Fueling South Jersey’s Economy

As a lifelong resident of Salem County, I’ve lived near PSEG’s nuclear plants my whole life. I was a young girl when the plants were built 40 years ago. I remember seeing the steady stream of trucks carrying workers and big pieces of equipment to the plant. It was exciting for me and my friends. It seemed like the biggest thing that had ever happened around here.

Today, I’m the executive director of the Salem County Chamber of Commerce and the plants are the heartbeat of the county’s economy. More than 400 businesses belong to the chamber, of which 80 percent are small companies. Many of those businesses wouldn’t exist without PSEG’s nuclear plants. The plants and their 1,600 employees are vital customers.

For many of those shops and businesses the busy season is a four-to-six week period in the spring and fall. During that time, PSEG brings 1,000 additional workers on site twice a year for maintenance and refueling outages. They help do the maintenance work that can’t be performed while the plant is running. This spring they are already here working again with the PSEG team to test, repair, upgrade and replace equipment so the plant can continue to safely produce the electricity New Jersey depends on for years to come. When you live close to a nuclear plant you pay attention to safety. And we in Salem County are well aware that nuclear power has the safest track record of any power source – regardless of the sensational headlines.

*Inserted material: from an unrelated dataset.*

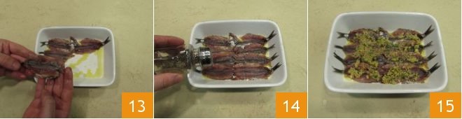 At this point, take a baking dish measuring 7.5x6 inches and drizzle it with about 0.5 oz of oil. Arrange the sardines horizontally without overlapping them 13, salt (not excessively), pepper 14, and cover with half of the previously prepared mixture 15.

The work to keep the plants safe and dependable is a boon to our economy. Our normally quiet community buzzes with activity. Traffic picks up. Hotels are booked for weeks. Lawn signs pop up advertising rooms for rent.

Fueling South Jersey’s Economy“The nuclear plant outages have such a big impact on our business,” said Ollivia Willis, general manager of the Hampton Inn. “Workers come from all over the country to Salem County to support PSEG’s refueling outages.”

The local restaurants and sandwich shops are packed. The wait line is several people deep for orders at convenience stores, pizza places and coffee shops as workers grab their meals on the go.

The DiMarco family has owned the Italian Kitchen for more than 30 years and the outages have become a rite of spring.

“It’s our busy season and we get workers coming and going at the shift changes for both breakfast and dinner,” Gino DiMarco said. “It’s a lot of hungry mouths to feed so we love when it’s refueling outage season!”

It’s hard to imagine Salem County without PSEG’s nuclear plants. They are a vital part of our community. The plant and its employees are good neighbors that make many contributions to the area. Part of that is economic. The plants, the employees, and the thousands of contractors who support the outages are important to the health of the Salem business community. It’s one of the many reasons why New Jersey needs nuclear.

To learn more about the fate of New Jersey’s nuclear plants, please visit njneedsnuclear.com and sign up to stay informed.

Jennifer Jones

Jennifer Jones

Executive Director, Salem County Chamber of Commerce


  1. John F Hall

    You always do a great job helping the business of Salem County!

  2. Tanya Weaver

    Well written article Jennifer!!

  3. Andrew R. Tomko

    I transplanted here over 27 years ago. I am a witness to what the devastation from plant closings mean. Originally from the Pittsburgh area, I know what happens when your job is gone for good. I was laid-off and was told that it was temporary. The lay-off was permanent,
    the job was now temporary. As the old saying goes: “never bite the hand that feeds you”. Keep nuclear power alive and well in Salem county.

  4. Ed Olearczyk (Edward Francis James)

    When the plant opened I was at Seton Hall and made a presentation on the future of Nukes. That was early 70’s and we have not really had much growth since. We need more plants like this.

  5. Diane Jones

    Knowing the history of Salem and many of its workers and what we do to make security TIGHT, we need to keep the plant in good working order, it produces so much power for south Jersey residents and at a low cost. It is one of the best investments. I have heard about nuclear for years even finding out the director at one time was a family member. I know there are strict rules and regulations in this plant that other companies try to follow. And yes, I am a retired employee of the company but not in this location. I also knew the man who wrote the book on Three Mile Island reconstruction. He had ties to the NRC and I heard all about it. PS paid a lot of attention to what they did wrong.